* _Activity_:
From the line containing "1 在旧墙两侧设置顶升措施,固定房梁屋架,然后进行拆旧墙换新墙。" down to the line containing "Kahverengi deri, yılan", copy out the entries below exactly, both lines included, and nothing else; pictures do not belong in the copy.

* _Material provided_:
☆ ☆ ☆ ☆ ☆
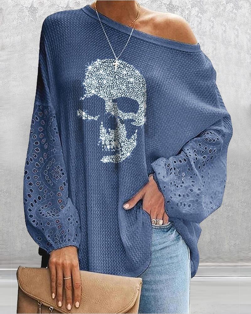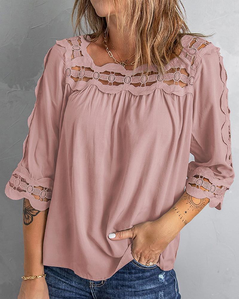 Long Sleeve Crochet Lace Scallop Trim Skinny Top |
☆ ☆ ☆ ☆ ☆
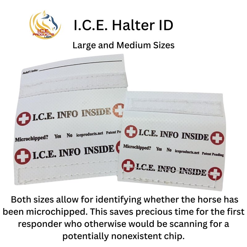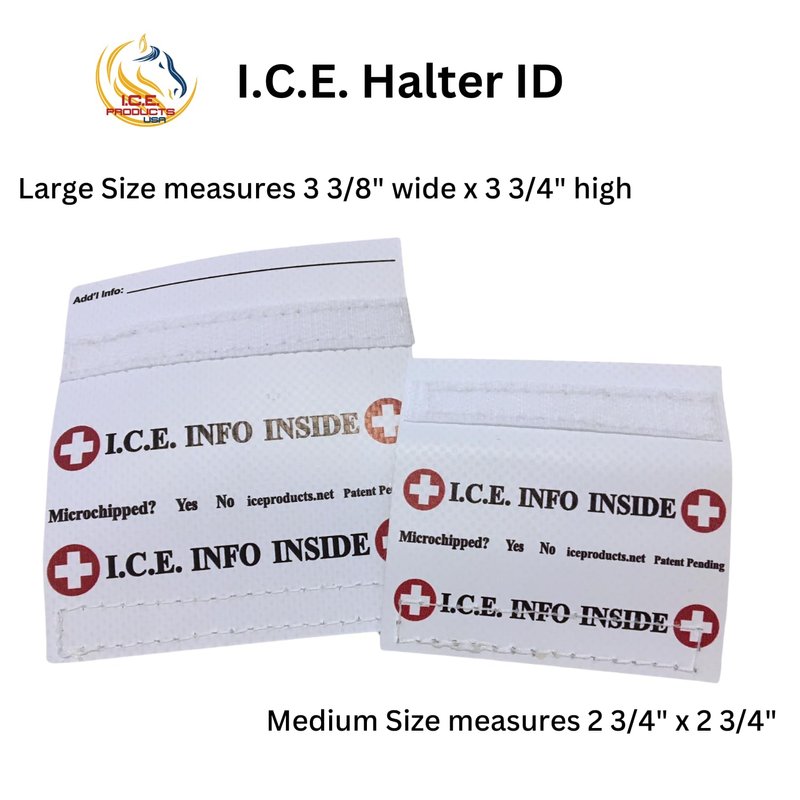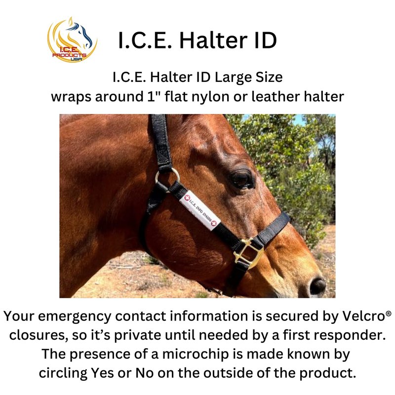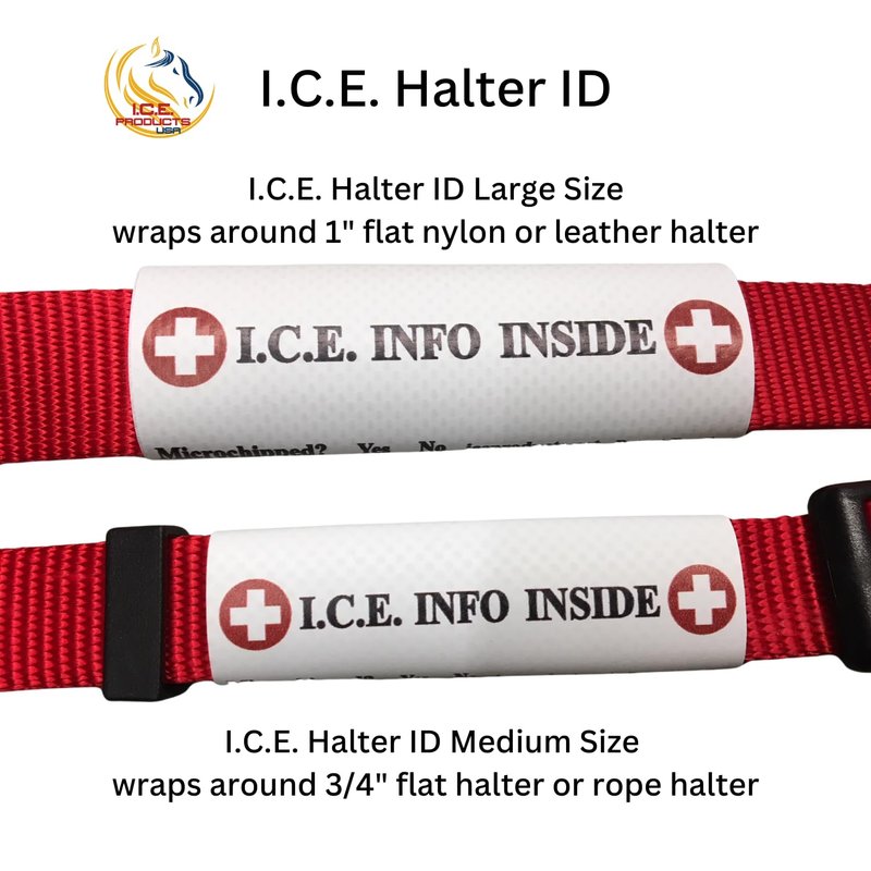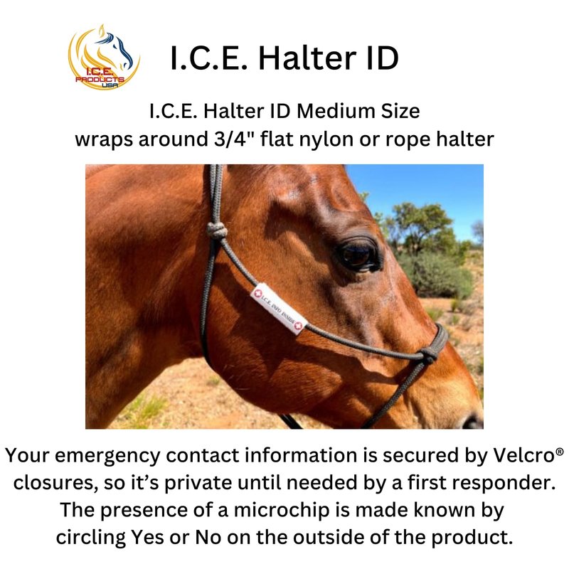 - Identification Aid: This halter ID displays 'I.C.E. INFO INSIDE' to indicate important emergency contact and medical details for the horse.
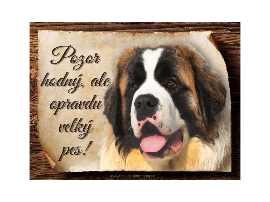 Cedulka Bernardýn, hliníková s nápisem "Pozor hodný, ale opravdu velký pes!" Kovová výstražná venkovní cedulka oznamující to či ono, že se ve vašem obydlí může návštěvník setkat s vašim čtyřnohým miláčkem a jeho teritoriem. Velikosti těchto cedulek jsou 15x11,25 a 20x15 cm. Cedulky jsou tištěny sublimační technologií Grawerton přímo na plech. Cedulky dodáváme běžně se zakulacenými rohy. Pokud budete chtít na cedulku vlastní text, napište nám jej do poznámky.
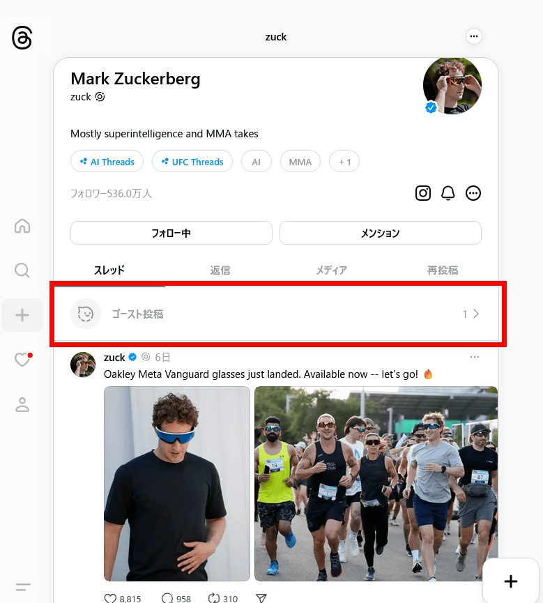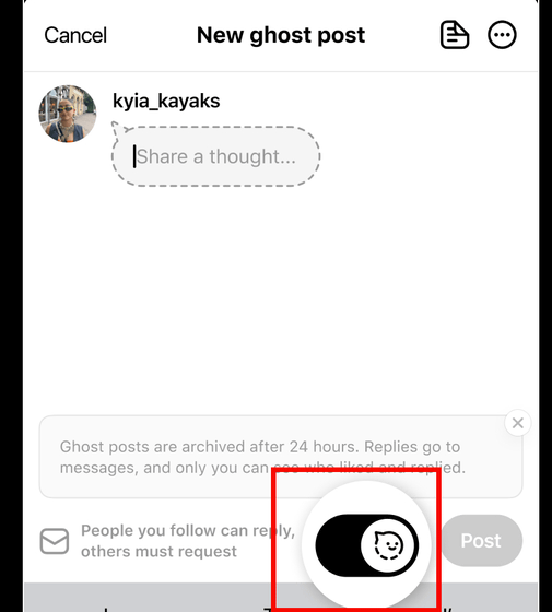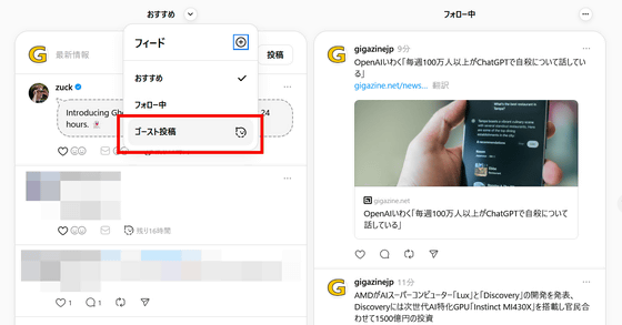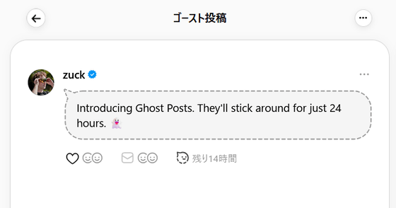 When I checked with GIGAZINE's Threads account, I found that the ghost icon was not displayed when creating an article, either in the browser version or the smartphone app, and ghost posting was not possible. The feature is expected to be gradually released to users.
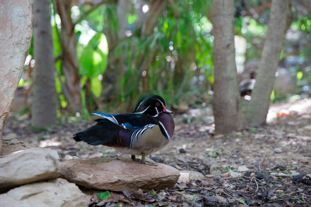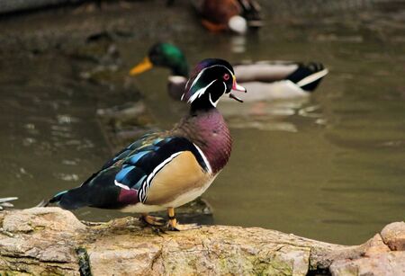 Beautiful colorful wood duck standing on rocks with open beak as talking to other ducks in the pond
☆ ☆ ☆ ☆ ☆
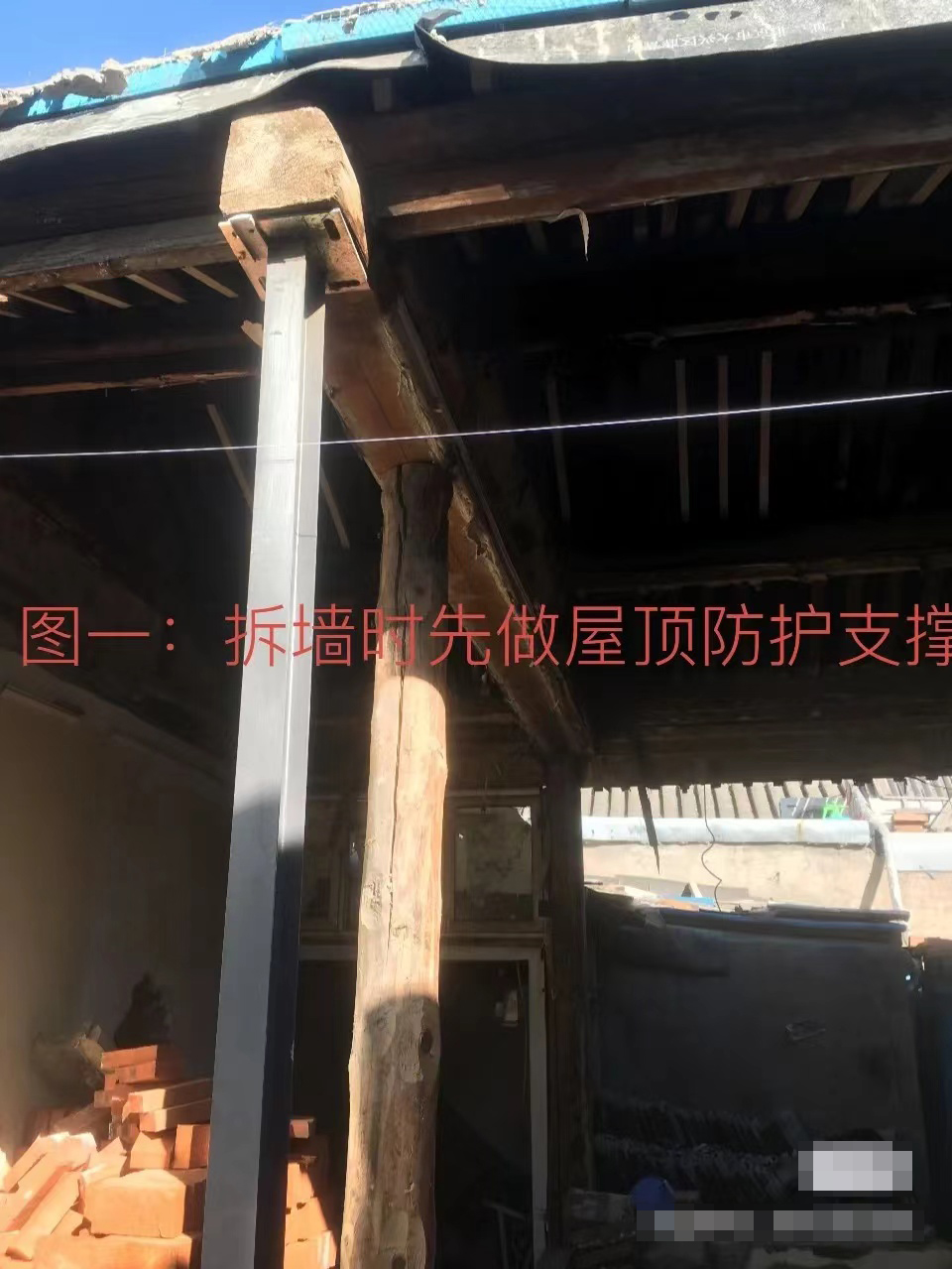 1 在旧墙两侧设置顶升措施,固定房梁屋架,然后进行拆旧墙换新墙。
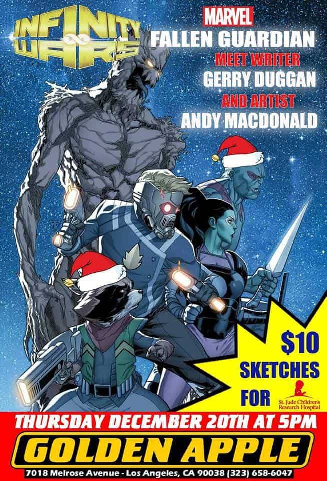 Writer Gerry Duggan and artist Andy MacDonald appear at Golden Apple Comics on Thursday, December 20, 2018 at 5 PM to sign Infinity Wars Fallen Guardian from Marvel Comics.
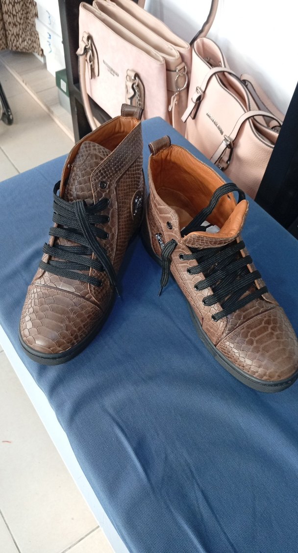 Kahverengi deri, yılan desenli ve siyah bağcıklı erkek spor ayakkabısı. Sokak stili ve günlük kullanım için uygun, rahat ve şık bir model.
☆ ☆ ☆ ☆ ☆
* _Answer to this exercise_:
 1 在旧墙两侧设置顶升措施,固定房梁屋架,然后进行拆旧墙换新墙。
 Writer Gerry Duggan and artist Andy MacDonald appear at Golden Apple Comics on Thursday, December 20, 2018 at 5 PM to sign Infinity Wars Fallen Guardian from Marvel Comics.
 Kahverengi deri, yılan desenli ve siyah bağcıklı erkek spor ayakkabısı. Sokak stili ve günlük kullanım için uygun, rahat ve şık bir model.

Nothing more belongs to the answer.